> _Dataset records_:
═══
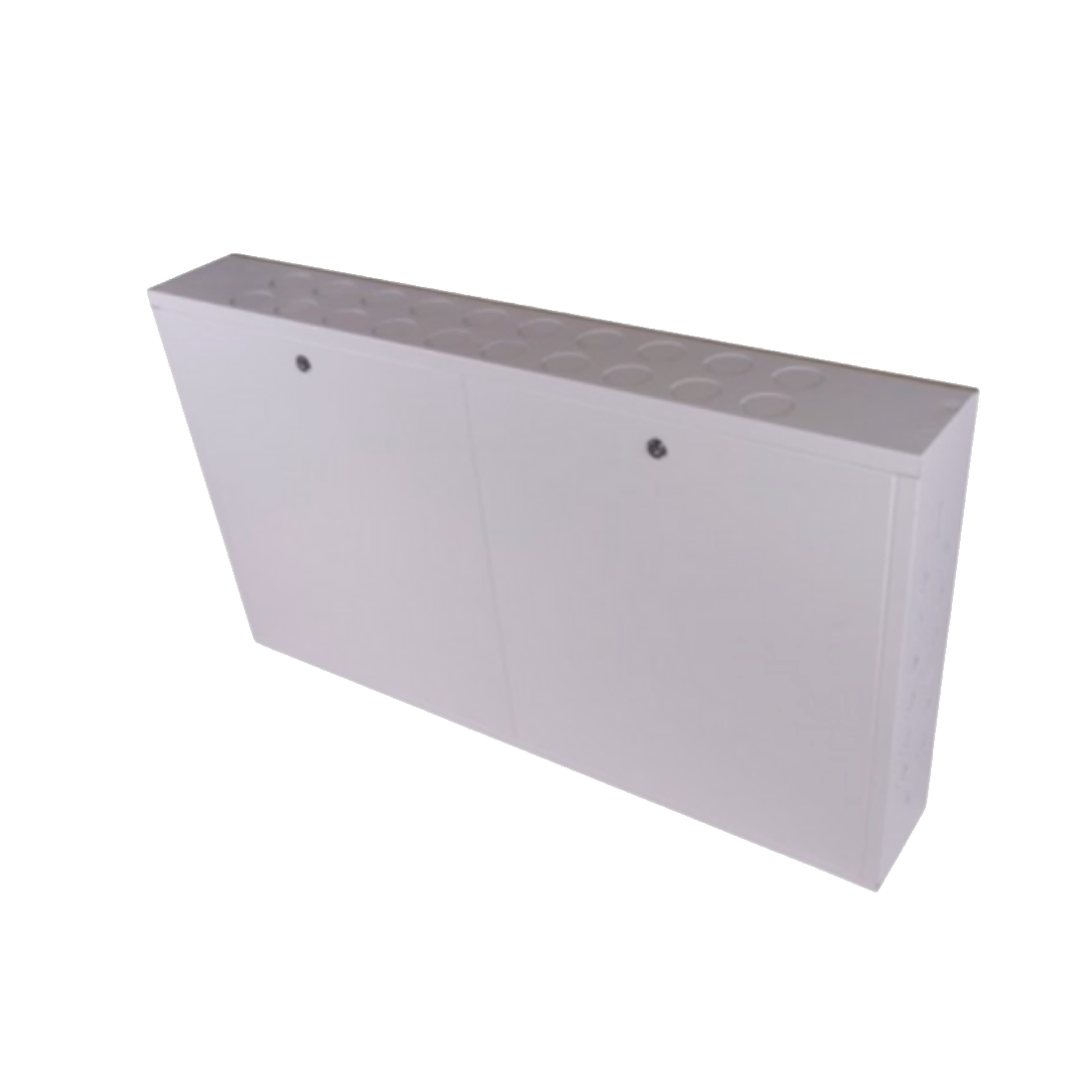 Armario metálico ICT para telecomunicaciones Dimensiones 1000 x 550 x 150 mm Fabricado en chapa laminada en frío con fondo de madera Instalación en superficie con tapa Dos puertas con cerradura y doble llave de seguridad Color blanco RAL 9010 Referencia fabricante: NV050202
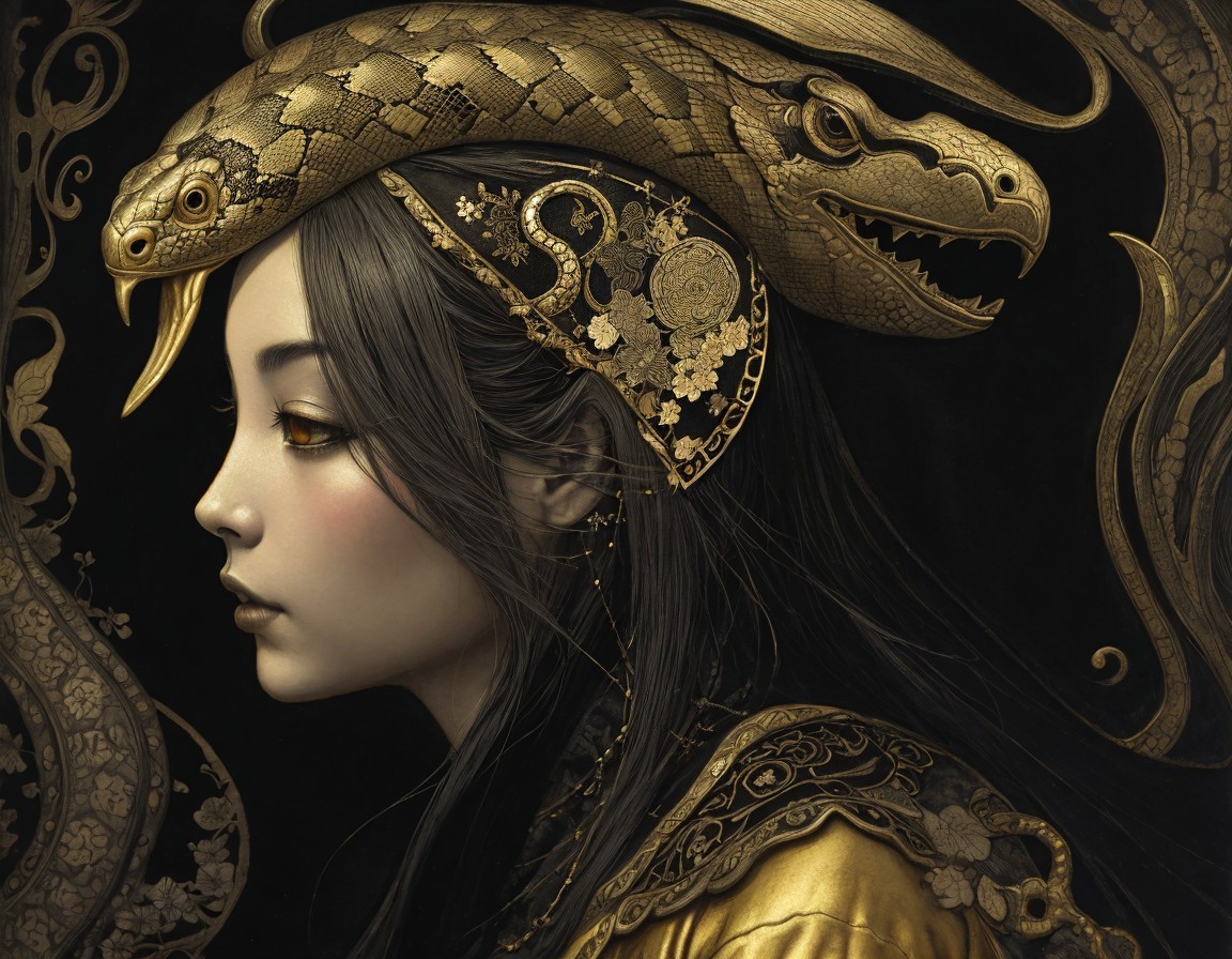 Legend of the Girl and the snake charmer, Medieval Japanese Artists Sumi-e Style, Velvet Black, Shabby, Dull Gold, Amber Gray, Golden Ratio, Surreal Fantasy, Elegant, High Definition Ultra Fine 3D Line, Zenangle Style, Watercolor Patchwork , Arthur Rackham Style, Paul Kidby, Gediminas Prankevicius, Jacek Jerka, Extremely Detailed, Intricate, Thoughtful, HDR, Fractal, Beautiful, Award Winning, Fantasy Look, Fantasy, Crisp Quality
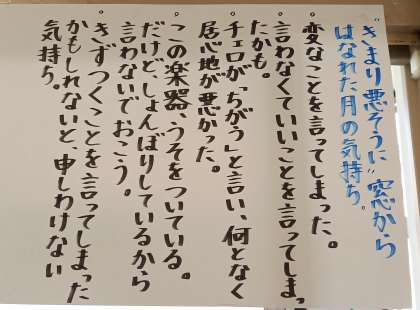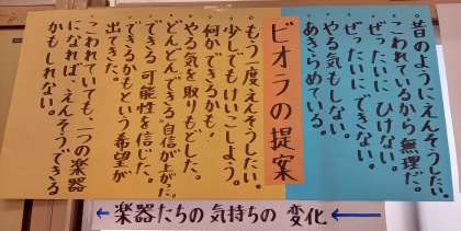 物語に登場する「楽器」の気持ちの変化について考えています。
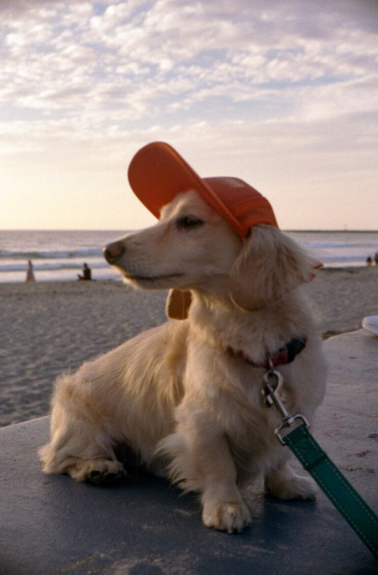 golden retriever sitting on wall at Ocean Beach pier San Diego looking toward ocean, Yashica Electro 35
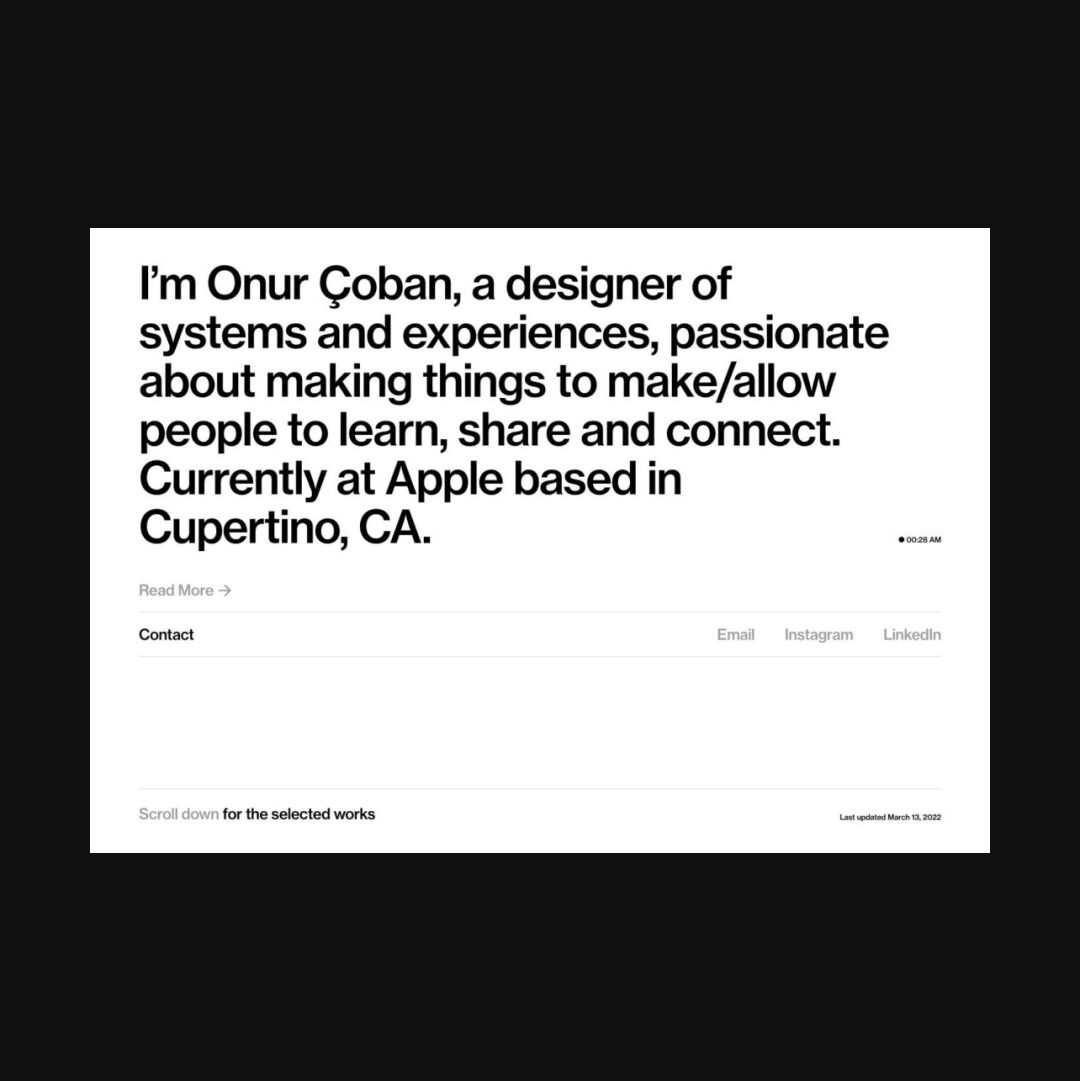 0446 onur.design Design, Animations, Big Typography, Clean, Creative Layout, Large Scale, Light, Scroll Events, Simple, Typographic, Black, White, USA. Design: Onur Çoban. Development: Onur Çoban. (07-05-2022) ←Close
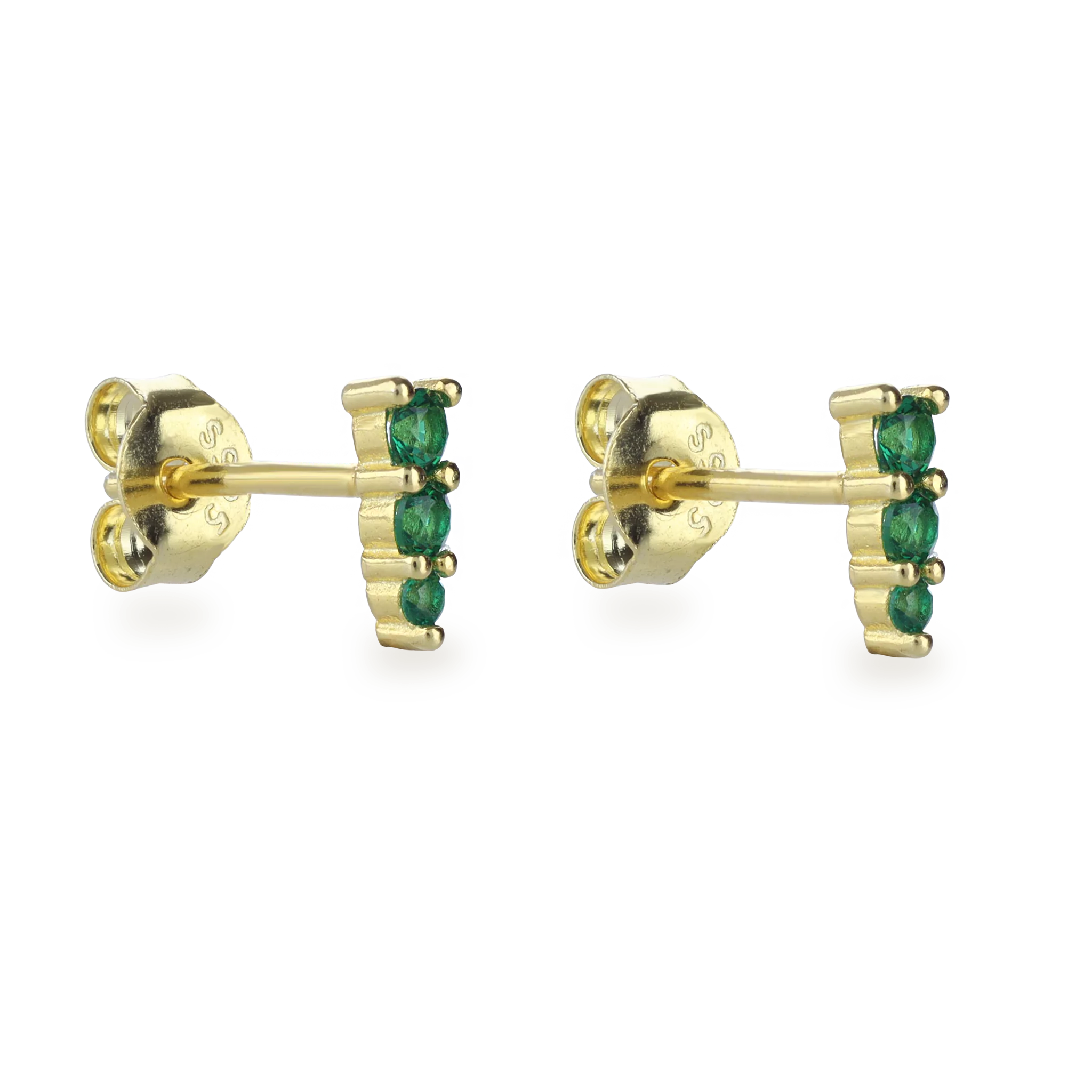 The Emerald Pyramid Stud Earrings, a pair of gold studs featuring three vertically stacked green emerald stones in a sleek pyramid arrangement. These elegant earrings offer a modern, geometric style, adding a pop of vibrant color to any outfit while maintaining a sophisticated and minimalistic look.
═══
> _YOUR ASSIGNMENT_: Restate the preceding entries in full, word for word, with the pictures removed.

> _FINAL ANSWER_:
 Armario metálico ICT para telecomunicaciones Dimensiones 1000 x 550 x 150 mm Fabricado en chapa laminada en frío con fondo de madera Instalación en superficie con tapa Dos puertas con cerradura y doble llave de seguridad Color blanco RAL 9010 Referencia fabricante: NV050202
 Legend of the Girl and the snake charmer, Medieval Japanese Artists Sumi-e Style, Velvet Black, Shabby, Dull Gold, Amber Gray, Golden Ratio, Surreal Fantasy, Elegant, High Definition Ultra Fine 3D Line, Zenangle Style, Watercolor Patchwork , Arthur Rackham Style, Paul Kidby, Gediminas Prankevicius, Jacek Jerka, Extremely Detailed, Intricate, Thoughtful, HDR, Fractal, Beautiful, Award Winning, Fantasy Look, Fantasy, Crisp Quality
 物語に登場する「楽器」の気持ちの変化について考えています。
 golden retriever sitting on wall at Ocean Beach pier San Diego looking toward ocean, Yashica Electro 35
 0446 onur.design Design, Animations, Big Typography, Clean, Creative Layout, Large Scale, Light, Scroll Events, Simple, Typographic, Black, White, USA. Design: Onur Çoban. Development: Onur Çoban. (07-05-2022) ←Close
 The Emerald Pyramid Stud Earrings, a pair of gold studs featuring three vertically stacked green emerald stones in a sleek pyramid arrangement. These elegant earrings offer a modern, geometric style, adding a pop of vibrant color to any outfit while maintaining a sophisticated and minimalistic look.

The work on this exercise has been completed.